Friday, March 21, 2003

I'd actually go one step farther than Nick B. did -- if you're changing your variable types, especially between similar types (different string implementations, for instance, or the like), I find it incredibly useful to also change the name of the variable. Thus, I have to go look at every instance where it is used and make sure that things are really doing what I want.

Of course, using search and replace obviates this, so YMMV.

Steven C.
Friday, March 21, 2003

Everything gets called oWhatever or objWhatever in the end.

optimistic coder
Friday, March 21, 2003

Yeah, but at least you know its an object of type class CWhatever.  Or do you ? ;)

Nick B.
Friday, March 21, 2003

99% of the Linux kernel is written in straight C (with a small amount of assembler for supporting the dozen or so CPU platforms it runs on).  It is some of the most readable code I've ever come across, and there are no Hungarian notations floating around.

I loathe HN, and am glad to see it end of life.  Not that I even encounter it in my daily work, but just to know that it will be out of its misery soon - that's a good thing.

Deconstructing HN:  "lpsz"
LONG:  yes, even as late as 1998, MSFT was still playing with LONG.  Very quaint.
POINT to STRING:  Dammit, its pointer to char.
ZERO terminated string.  Aren't C "strings" by default zero terminated? 

Why don't we add 'r' in there while we're at it - so we know it can be "randomly accessed".  And 'x', EVERYTHING needs an X these days.  Let's add x to lpszr to formally bring it into the new Millenium.  Hmmm, what has 'X'?  How about xenophobic?  There ya go, the X for xenophobic (sort of gives you that 'closed source' warm fuzzy feeling).

xlpszrMyString[] = "Hello World";

Oh the gems...  Forget HN, how 'bout these jewels:

typedef void* LPVOID;  // FIXME: WTF?

What is so difficult about void*?  Would it be so bad to not have to invoke the tagger just to know that you're dealing with a built in type?  Kill it.  Unplug the life support and say a prayer.

Nat Ersoz
Friday, March 21, 2003

Geeze, its as bad as "comment maturbation". 

(Likely the best term I've come across lately, thanks!)

Nat Ersoz
Friday, March 21, 2003

Quite Nick. Heaven forbid we need two instances of the same class, that'd just get confusing.

optimistic coder
Friday, March 21, 2003

Well, there are some reasonable things like denoting member variables (like adding my or m_ or something like that to the front) and other "special case" situations where namespace collisions are inconvenient and obnoxious.

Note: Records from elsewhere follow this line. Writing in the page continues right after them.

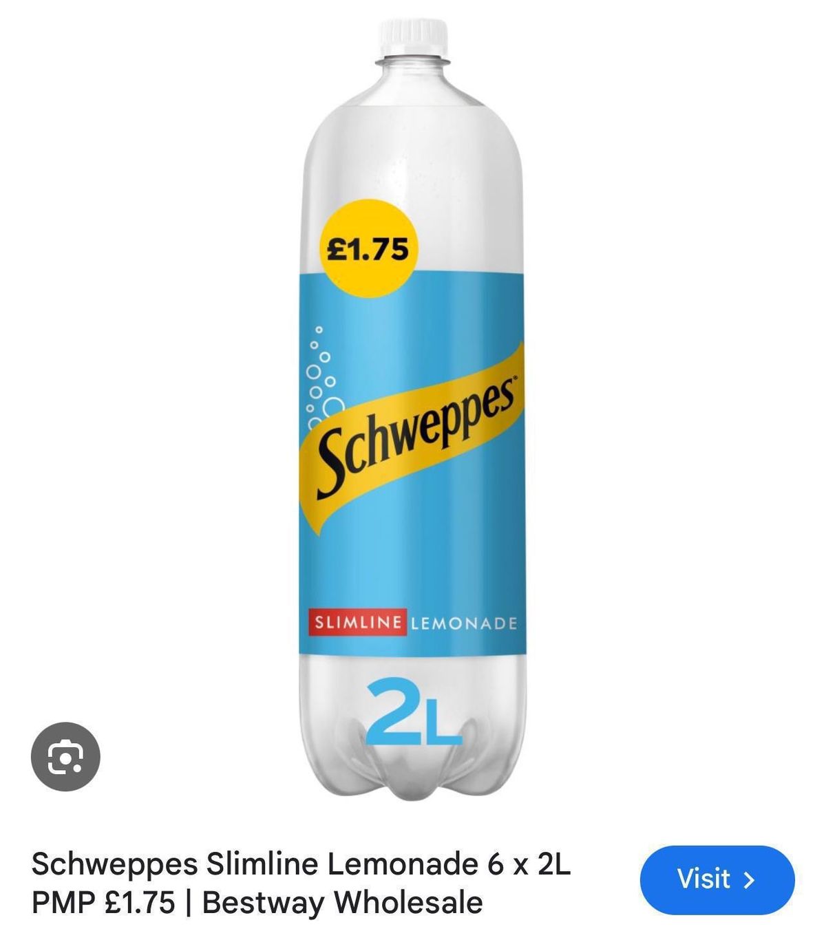 Schweppes slimline lemonade pm £1.75 6x2L bbe 08/24 5 cases
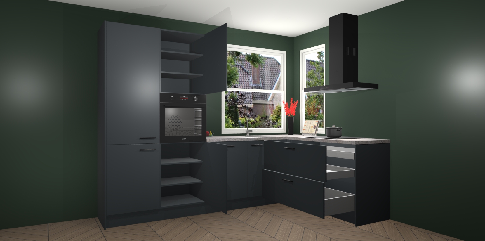 Elke Onyxgrijze keuken Kotor wordt compleet geleverd met vijf inbouwapparaten, waaronder een oven, inductiekookplaat, afzuigkap, vaatwasser en koelkast. Sterker nog - indien gewenst kunt u deze apparaten na bestelling eenvoudig upgraden naar AEG! Extra functies zijn onder andere soft close deuren voor extra gemak, en elke kast wordt voor gemonteerd geleverd zodat u sneller van uw nieuwe keuken kunt genieten.
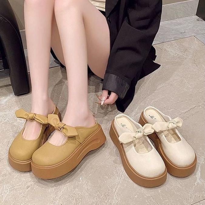 Pantuflas de Muffin con Punta Cerrada para Aumentar la Altura a la Moda para Mujer 2025 Verano Nuevo Versátil Nicho para Ir al Trabajo Pantuflas de Un Paso para Mujer
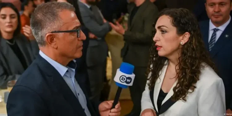 Vjosa Osmani: Më mirë të them, mes Serbisë dhe Kosovës. E dini që sikur ta thoja këtë para vitit 2023, ndoshta shumë njerëz nuk do ta merrnin edhe aq seriozisht. Mirëpo pas shtatorit 2023, ku Serbia tentoi një akt agresioni kundër Kosovës, dhe nëpërmjet grupeve terroriste dhe paramilitare të cilët i futi në Kosovë, kishte për qëllim të aneksonte veriun e Kosovës, sipas planeve të Putinit dhe metodave të tij. Tashmë është e qartë që Serbia e ka pikërisht atë qëllim, dhe në arritjen e atij qëllimi Serbia vazhdimisht përdor taktika destabilizuese dhe jo vetëm kundër Kosovës, por edhe kundër Bosnjë e Hercegovinës dhe shteteve të tjera në rajon. Pra, është e qartë që Serbia vazhdon të jetë shtet agresor, vazhdon të jetë dorë e zgjatur e Putinit, sepse është qëllim i Rusisë dhe ka qenë tradicionalisht dhe historikisht qëllim i Rusisëqë të destabilizohet Ballkani Perëndimor, si mjet destabilizimi për gjithë kontinentin europian. Nuk është që ato gjëra vetëm po i themi, ato gjëra kanë ndodhur në shtator 2023. Pastaj në nëntor 2024. Po po, akt agresioni ka qenë në Banjskë. Në nëntor 2024 ka pasur sulm në Ibër Lepenc, mirëpo qëllimi ka qenë që të shkatërrohen mjetet jetike nëpërmjet të cilave Republika e Kosovës furnizohet me ujë, me energji elektrike, me ngrohje e të tjera dhe nëpërmjet kësaj të dëshmohet se përdoren edhe metoda hibride të sulmeve ndaj Kosovës, jo vetëm ajo ushtria tradicionale që ne e kemi parë në vitet 90-të. Serbia vazhdimisht i provon këtu. Ka pasur tendenca destabilizimi edhe sivjet në pranverë, me ndihmën e aleatëve tanë i kemi parandaluar. Tani ka shumë që nuk duan të tregojnë publikisht se çfarë ka ngjarë. Unë i kam lexuar raportet e institucioneve tona, e di çfarë ka synuar Serbia, e di çfarë ka synuar.
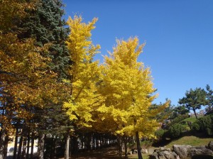 管理事務所前の広場に植えてあるイチョウの樹が綺麗に黄葉していました。
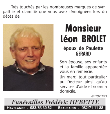 Fallecido en Dinant (5500) el martes, 27 de marzo de 2018 a la edad de 81 años
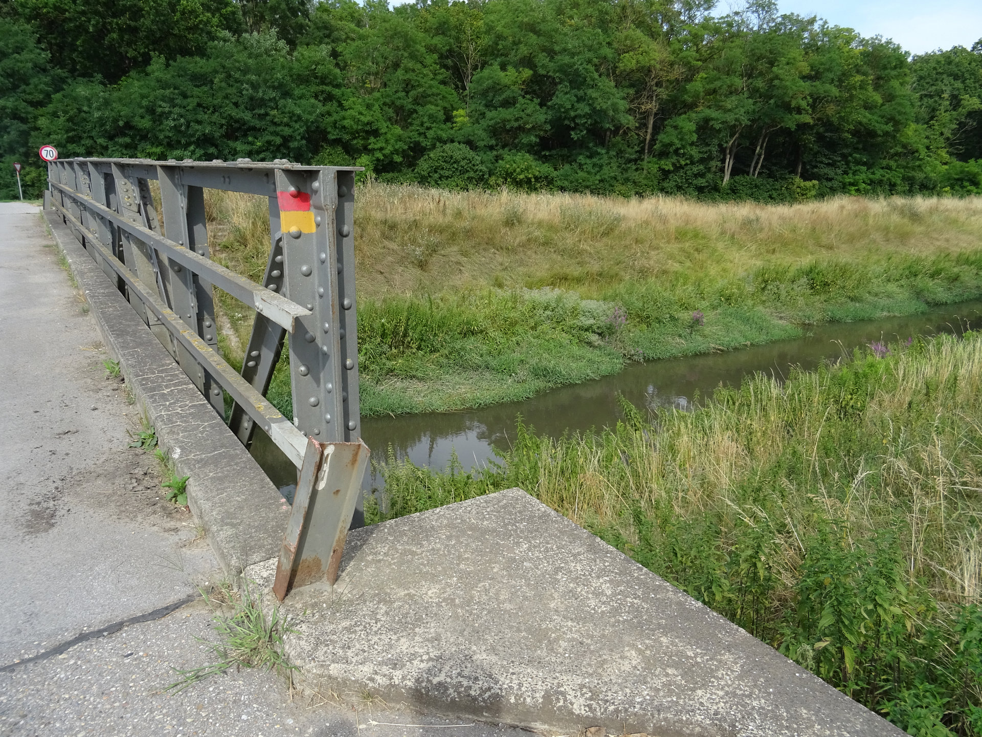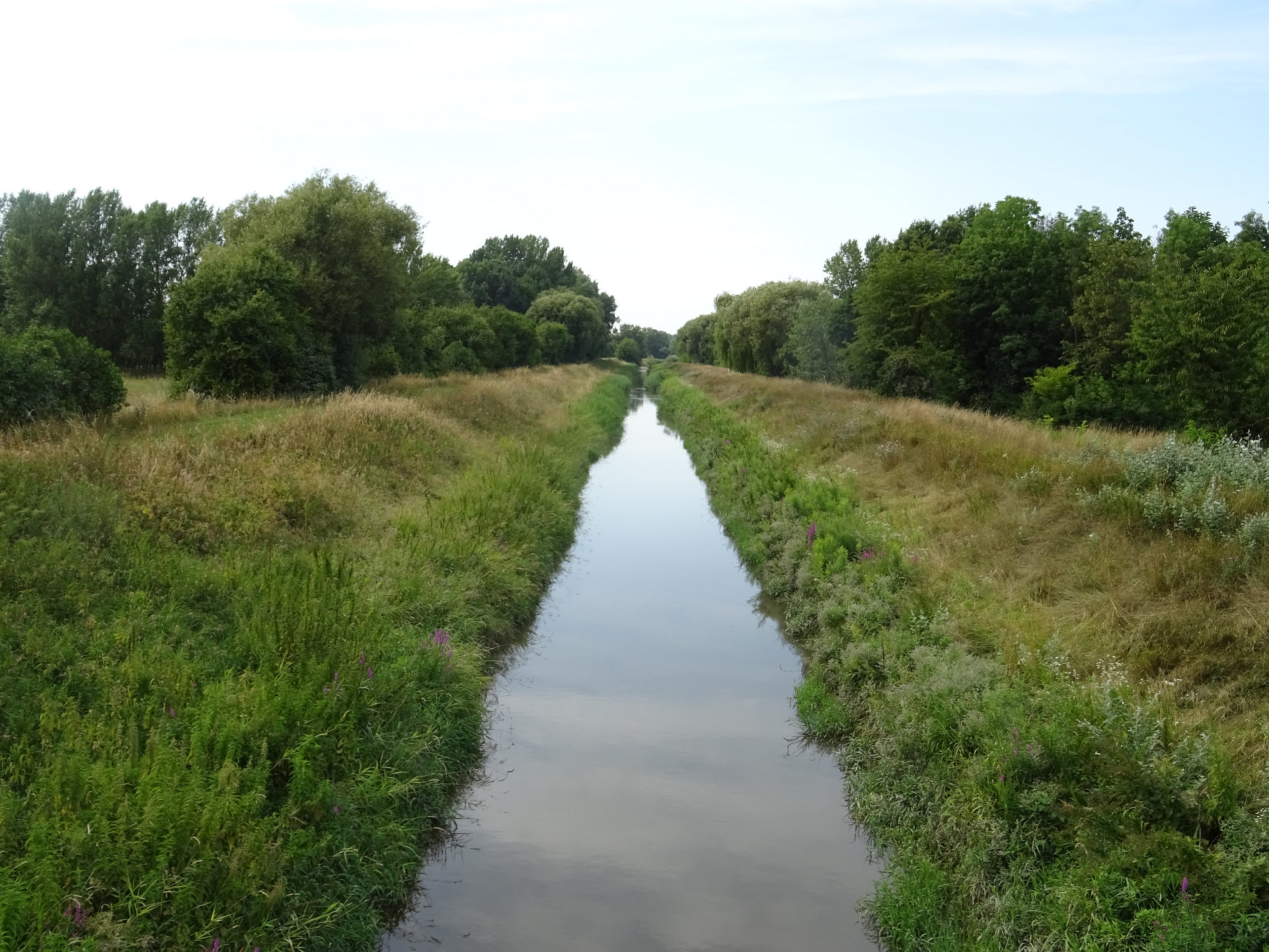 Der fast geradlinige, eingedämmte Komitatskanal wurde bereits während der ersten Bauphase der Leitharegulierung nach dem Ersten Weltkrieg errichtet.
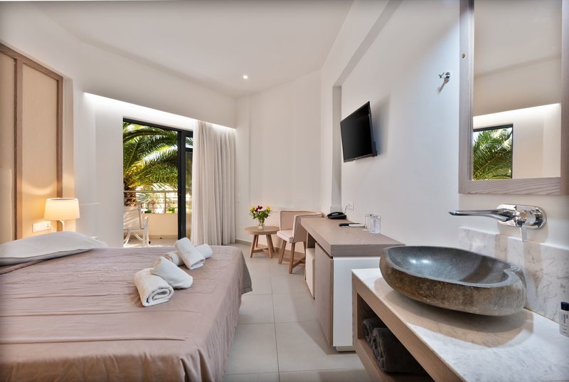Doppelzimmer: Die Doppelzimmer verfügen über Bad oder Dusche/WC, Föhn, Pflegeprodukte, individuell regulierbare Klimaanlage, Safe (inklusive), Telefon, LCD Sat.-TV, Wi-Fi, Minikühlschrank sowie Balkon oder Terrasse (D). Wahlweise gegen Aufpreis auch mit seitlichem Meerblick buchbar (DMS).
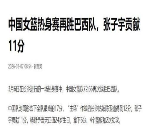 再次戰(zhàn)勝巴西隊(duì),也說(shuō)明了中國(guó)女籃的實(shí)力是毋容置疑的。
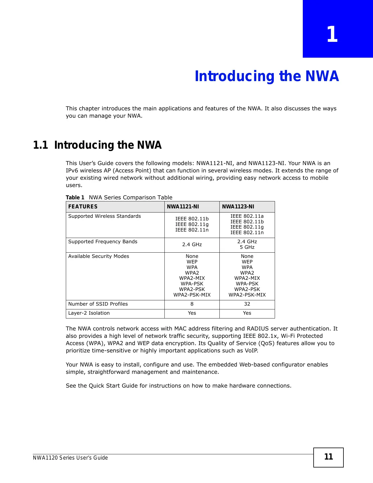 1.1 Introducing the NWA This User’s Guide covers the following models: NWA1121-NI, and NWA1123-NI. Your NWA is an IPv6 wireless AP (Access Point) that can function in several wireless modes. It extends the range of your existing wired network without additional wiring, providing easy network access to mobile users. Table 1 NWA Series Comparison Table FEATURES Supported Wireless Standards
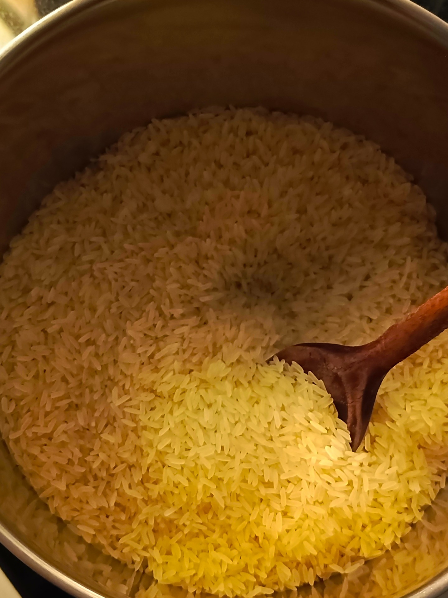 Do kovovejce dáme koření a cibuli a dáme do vody k rýži

The LPVOID thing is somebody trying to turn C into their own language.  Sheesh.

flamebait sr.
Friday, March 21, 2003

One of the great design points of perl is that all variables start with a symbol, a kind of hungarian notation I suppose.

Scalars start with $mystring, arrays @myarray hashes: %myhash, which makes reading code really easy once you're used to it.

Matthew Lock
Friday, March 21, 2003

I've grown to like 'simplified' hungarian.
So in a manged envrironment, sFoo means string. With plain C (or C++) szFoo means a zero-terminated string; wzFoo means a Unicode string.
But long or far, no. (Though I've seen win16 code where wz didn't mean unicode because it was #defined re-used code from people who really meant OLESTR).

Once you've simplified something to its essence (i or c for an int or counter), you certainly will have to do more than just search/replace if you change the type of a variable. And if it's just something dumb like a size (short/long), the simplified name doesn't change.

mb
Friday, March 21, 2003

Basically, if you make good design choices, like scoping variables appropriately, there is no need for HN.

Allofasudden, I'm doing some math...

y = alpha * sin( omega * t  );

becomes:

dY = dAlpha * sin( dOmega *dT );

Well, of course, d means double - unless you're into math, then d connotes delta - and it reads a whole new way.

And then there is the sin() function, it reutrns double - so make it dSin().  Well, what the hell, it takes double too.  Make it dSind(). 

And back to strings, familiar old strcat() now comes out lpszStrcat() - yet why stop there, it takes 2 strings, the second one const:

lpszStrcatlpszlpcsz();

Geeze, looks like the Bronx cheer.  Whipe off the laptop screen when you're done with that, wouldja?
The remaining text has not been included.